Dataset section:
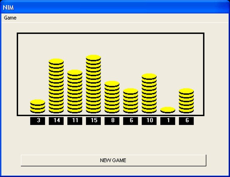 Nim is a strategy game where players remove discs from piles, avoiding the last disc to win. Customize the game and get hints in this Windows implementation.
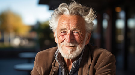 Portrait of a senior man with grey hair in the street. Generative AI.
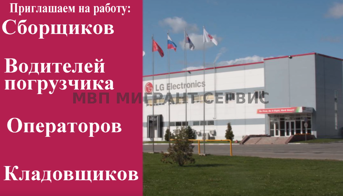 - Завод LG приглашает на работу на вакансии: Сборщик.Штамповщик.Оператор литейного станка.Разнорабочий.
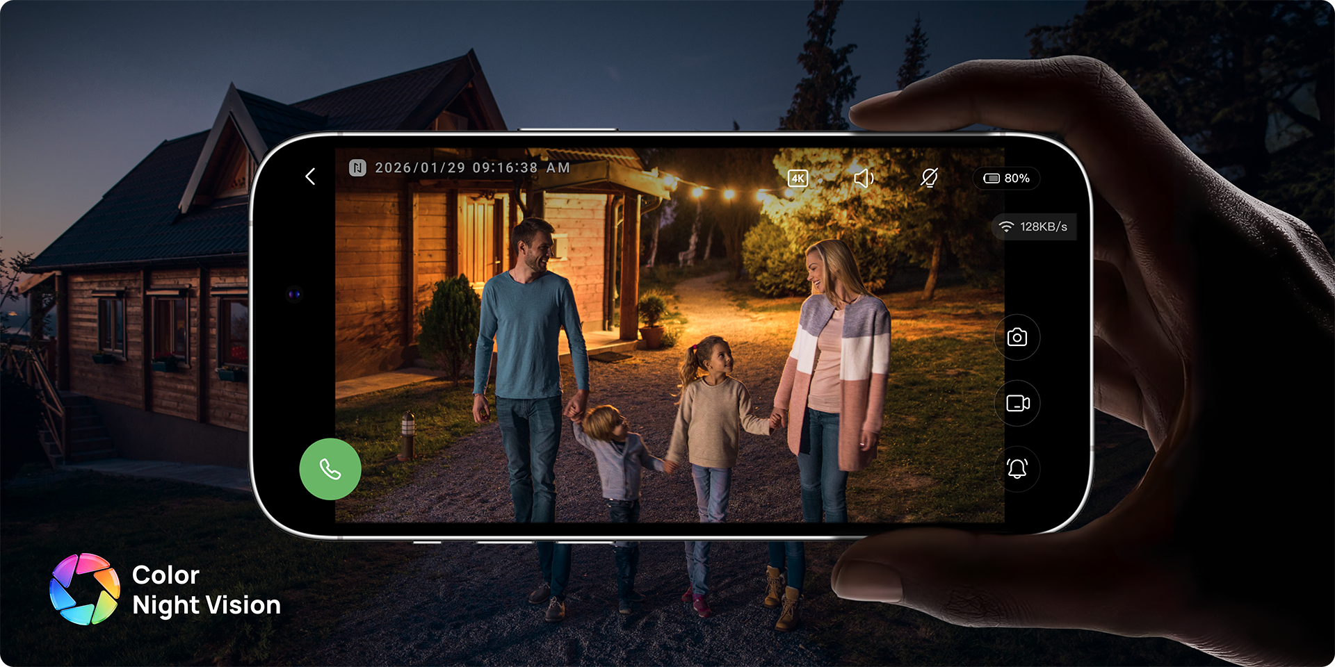 Instead of grainy black-and-white footage, Anona Aurora brings night scenes to life with advanced color night vision, allowing you to see people, vehicles, and surroundings in full color after dark.

Aim of the exercise: Exactly the lines from the line with "Portrait of a" through the last line of the listing, both included, should be extracted, and the pictures left behind.

Solved exercise:
 Portrait of a senior man with grey hair in the street. Generative AI.
 - Завод LG приглашает на работу на вакансии: Сборщик.Штамповщик.Оператор литейного станка.Разнорабочий.
 Instead of grainy black-and-white footage, Anona Aurora brings night scenes to life with advanced color night vision, allowing you to see people, vehicles, and surroundings in full color after dark.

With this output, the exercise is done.